Print version ISSN 0103-5053
J. Braz. Chem. Soc. vol.21 no.10 São Paulo 2010
Milton B. da SilvaI; Carla C. CrispinoI; Boaventura F. ReisII,*
IDepartamento de Química, Universidade Federal de São Carlos, São Carlos-SP, Brazil
IICentro de Energia Nuclear na Agricultura, Universidade de São Paulo, Av. Centenario 303, 13400-970 Piracicaba-SP, Brazil
In this work, a reliable and inexpensive photometer based on twin LEDs assembled as a radiation source and as a photodetector is described. The setup including the photometer and flow system module was designed to implement an automated titration procedure employing the multicommuted flow injection analysis (MCFIA) process. The proposed system was able to carry out photometric titration without using analytical curve to achieve the sample concentration. Its usefulness was proven by analyzing vinegar and lemon, orange, pineapple, maracock, and acajou juices. Accuracy was accessed comparing results with those obtained employing a manual procedure and no significant difference was observed at 95% confidence level. Samples presenting different acid concentrations such as lemon juice (1084.73 mmol L-1) and pineapple juice (14.42 mmol L-1) could be titrated using the same titration solution without any modification of the titrating setup.
Keywords: multicommuted flow injection analysis, flow-bath analysis, automated photometric titration, fruit juice, LED photometer
Neste trabalho, é descrito um fotômetro de baixo custo baseado em um par de LEDs idênticos, empregando um, como fonte de luz e o outro como fotodetector. O equipamento, incluindo o fotômetro e o módulo de análises, foi projetado para implementar um procedimento de titulação automático empregando o processo de multicomutação por injeção em fluxo (MCFIA). O sistema proposto dispunha de meios para realizar a titulação fotométrica sem a necessidade de empregar curva analítica. A utilidade foi comprovada analisando amostras de vinagre e sucos de limão, laranja, abacaxi, maracujá e cajú. A exatidão foi verificada comparando os resultados com outros, obtidos empregando procedimento manual, e não foi observada diferença significativa no nível de confiança de 95%. Amostras com diferentes concentrações de ácido, tais como suco de limão (1.084,73 mmol L-1) e suco de abacaxi (14,42 mmol L-1) foram tituladas usando a mesma solução titulante, e sem modificação do sistema de titulação.
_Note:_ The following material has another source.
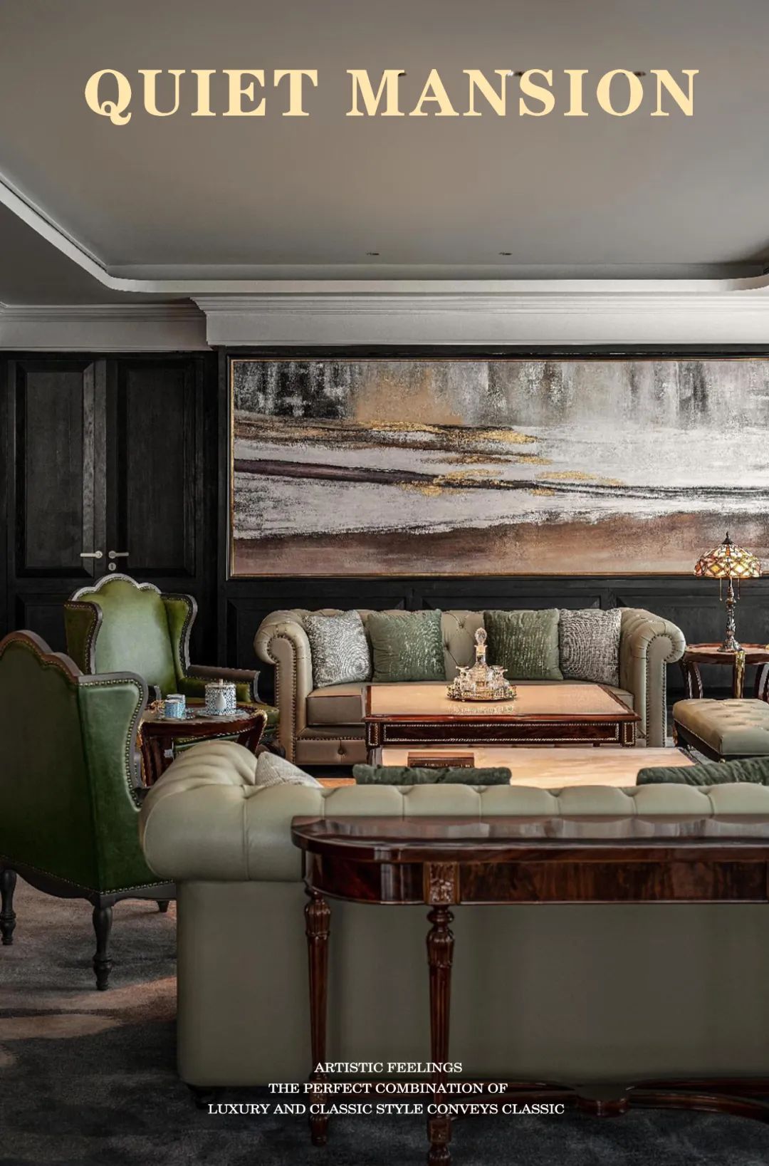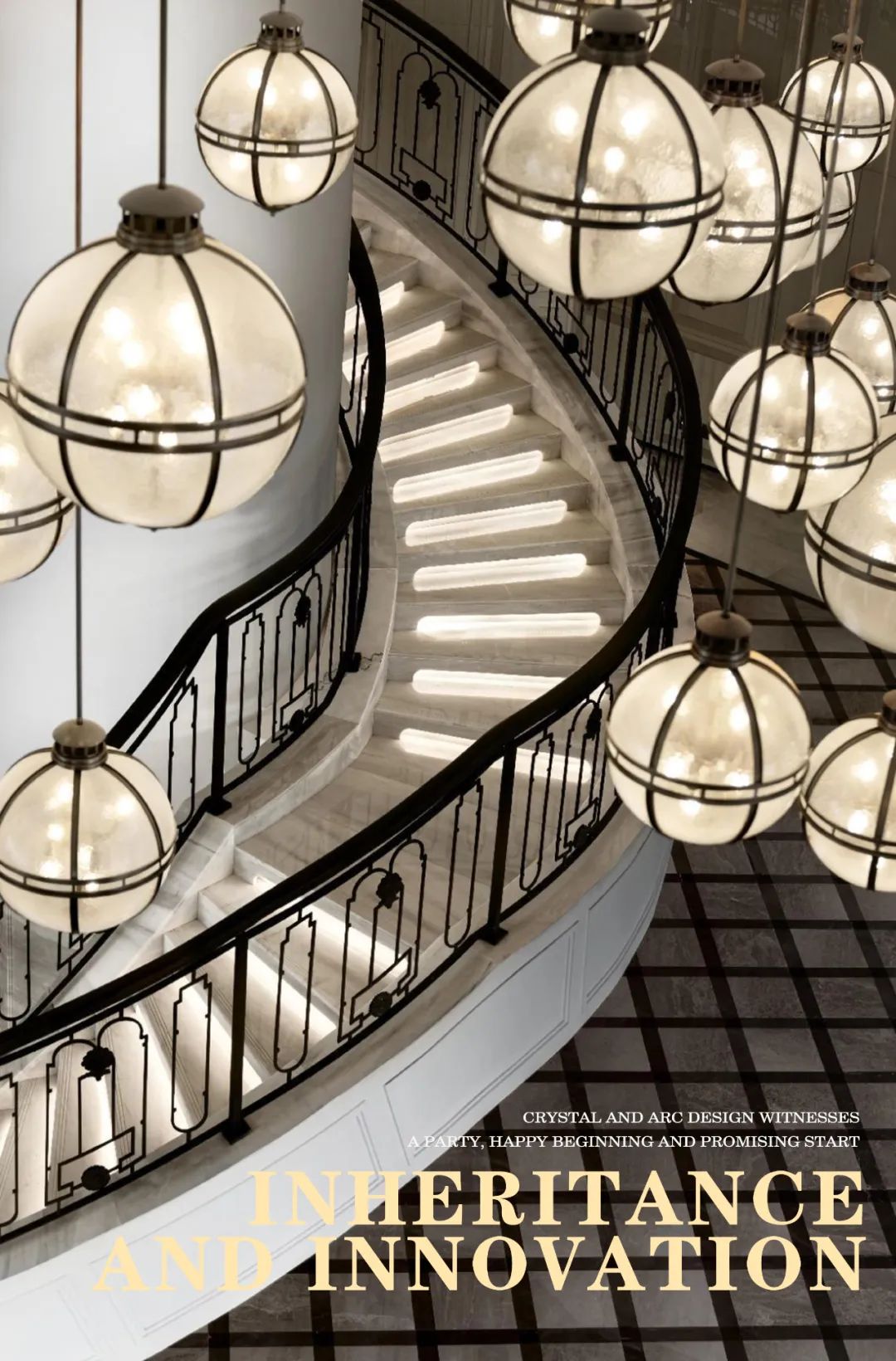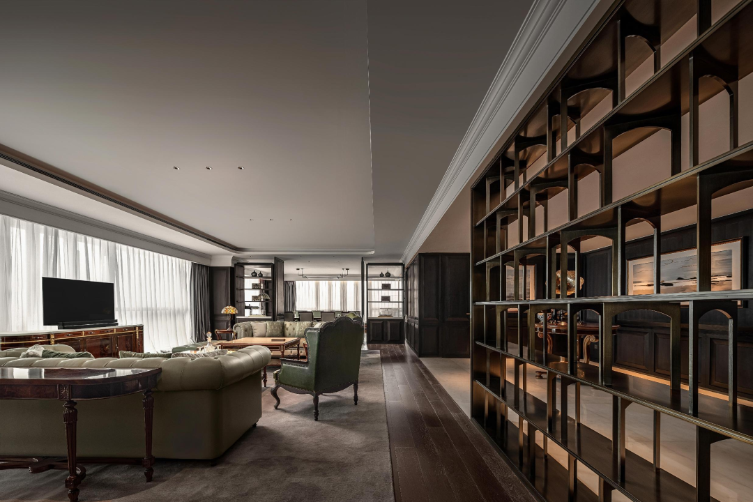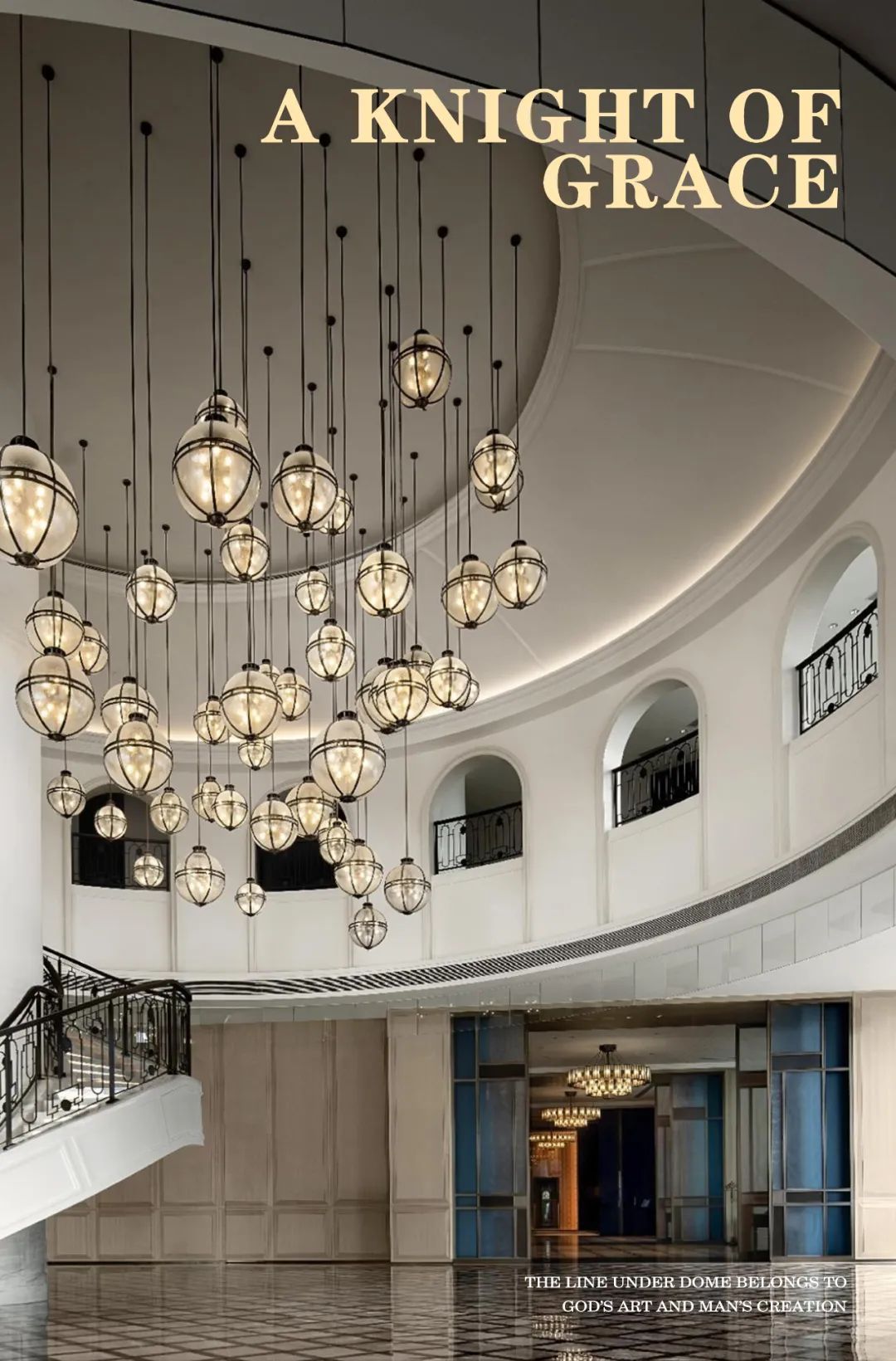 進(jìn)入藝術(shù)大堂,優(yōu)雅的選擇樓梯,精致的西式線條搭配棋盤式的石材鋪貼,優(yōu)美的穹頂下,復(fù)古而不失時(shí)尚的藝術(shù)吊燈,周圍環(huán)繞著是極具序列感的拱窗,每一個(gè)元素的運(yùn)用都透露著深深的時(shí)代的烙印。

The light emitting diode (LED) was utilized for the first time as a radiation source for photometric detection by Flaschka et al.1 35 years ago, and afterwards by D. Betteridge et al.2 After these pioneer studies, the use of LEDs with an analytical purpose increased continuously, and today we can see that several analytical procedures employing LED as a radiation source have been published.3-6 Small size, low cost, high stability of the radiation beam, and long lifetime are the main features of LEDs which explains its widespread use in different analytical procedures.7-9 The availability of LEDs with wavelengths ranging from ultraviolet (λ ca. 380 nm) to near infrared (λ ca. 900 nm) also is an additional incentive for the development of the LED based photometers.10-12 Although equipment for fluorimetric detection has also been designed employing a LED as a radiation source,13,14 photometers predominate by far. The LED small size and fast response when it is switched on and off has allowed its application to flow analysis-based analytical procedures for the simultaneous determination of two or more analytes15,16 and chemical speciation.2,17
There are a few studies on the use of LEDs as photodetectors.8,19 The measurement was done using the LED capacitance effect, which presents a relationship between capacitor discharge time and the intensity of the light beam illuminating the LED employed as a photodetector. This effect occurred when the wavelength of the light beam was identical to that of the photodetector LED. The detection was carried out considering as the measurement parameter, the time interval elapsed while the potential difference at the LED decreased from 5 V to 1.7 V.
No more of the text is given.